"That's so; but there need not have been any war at all."
"There needn't, sir; but it made the U.S.A. all the same. The big event of the Franco-Prussian War wasn't the surrender at Sedan; it was the crowning of the German Emperor at Versailles. And in the Civil War—well, it made one nation of the Americans in the same way as the other did of the Germans."
"Well, Lootenant, if wars are just to make nations into one, what was the good of our wars with you?"
Jackson was getting over his self-consciousness, and it was dawning on him that the American Navy has a method of "drawing" very similar to that in use in his own.
"They were a lot of use," he protested. "We sent German troops against you, and you killed lots of them."

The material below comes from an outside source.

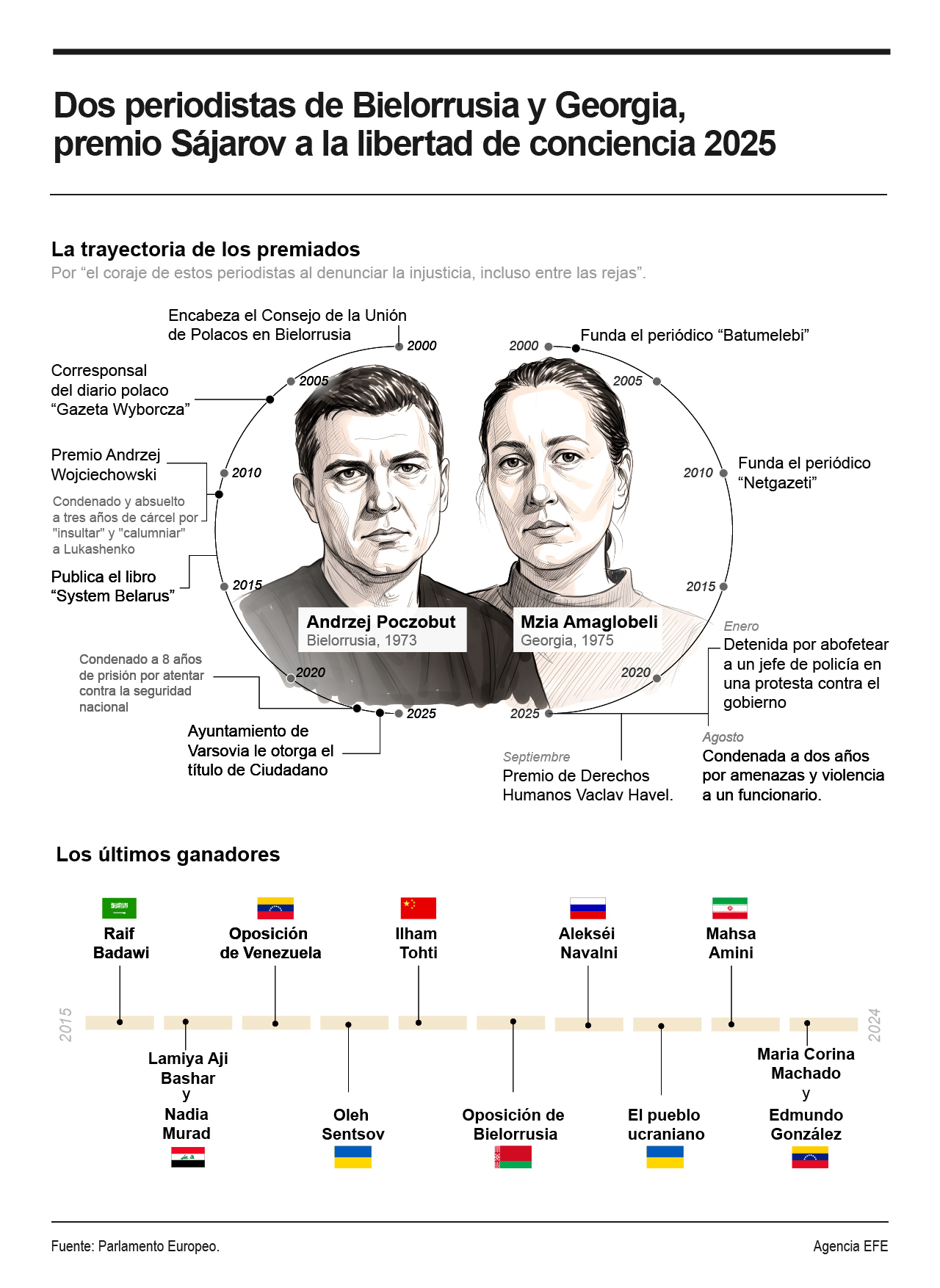 Poczobut es un periodista y ensayista bielorruso conocido por sus críticas al régimen de Alexander Lukashenko y en el 2021 fue sentenciado a ocho años de prisión, mientras que Amaglobeli fue detenida en el 2025 por participar en protestas antigubernamentales y fue condenada a dos años de prisión.

There was a general laugh.
"Say, Jackson," came a voice, "this little old country of yours isn't doing much with the Germans now except kill them. Say, she's great! You're doing all the work, and you've kept on telling us you're doing nix. Your papers just talk small, as if your Army was only a Yale-Princetown football crowd, and you were the coon and not the Big Stick of the bunch that's in it."
"Well, you see, we don't like talking about ourselves except to just buck our own people up."
Jackson's tone as he said this was, I regret to say, just what yours or mine would have been. It could only be described as "smug."
"You sure don't. We like to say what we're doing when we come from New York."